Many low and median earners have seen no real improvements in their incomes over the last 30 years despite economic growth, a TUC report shows. Channel 4 News maps the winners and losers.

Wages stalled over last few decades (C4 News Graphic)

Low and median incomes increased by only 27 per cent and 56 per cent respectively in the three decades leading up to the recession, despite the economic boom.

The TUC's Britain's Livelihood Crisis report said that the figures showed a "livelihood crisis" has been brewing in Britain for decades, and was only put off by an "unsustainable rise in personal debt".

The report shows that wages have been falling sharply as a share of the national wealth since the 1970s - but it also suggests there is a huge difference between professions.

Higher earners, including barristers and medical practitioners, have seen huge rises in their income, while those in professions like bakers and truck drivers have seen their earnings actually fall in the last 30 years.

Gap widening between high and low earners

The real wages (adjusted for inflation) show that medical practitioners have seen their wages leap by 153 per cent, while bakers' pay fell by 1 per cent. Judges, barristers and solicitors earn 114 per cent more than they did in the 70s - but forklift truck drivers earn 5 per cent less in real terms.

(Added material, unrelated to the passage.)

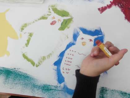 ステンシル版画を行った画用紙にクレパスで絵を描き足して作品を仕上げました。

People often cite the recession as the source of this income squeeze. but a livelihood crisis has been brewing in Britain for decades. TUC General Secretary Brendan Barber

The top 10 per cent of earners are the only group whose income has risen in line with GDP since 1978. Their pay has risen twice as fast as those on median incomes, and four times faster than the lowest 10 per cent of earners.

The report, authored by Stewart Lansley, also says there has been an increase in "bad jobs", which offer poor wages and job security. The proportion of workers whose wages are at least a third less than the median (£11.09 an hour) has doubled in the last three decades from 12 per cent in 1977 to 22 per cent in 2009.

Livelihood crisis

The recession will only make things worse, the TUC argues.

TUC General Secretary Brendan Barber said: "Britain has got much wealthier over the last three decades. But while a small financial elite have grabbed an ever larger share for themselves, many people on low and middle incomes have seen barely any improvement in their incomes, while some have even seen their take home pay fall.

"People often cite the recession as the source of this income squeeze, but a livelihood crisis has been brewing in Britain for decades...Unless we radically transform our economy - from recasting the role of the state to prioritising a fairer distribution of new wealth and jobs - we will simply be storing up more problems for the future."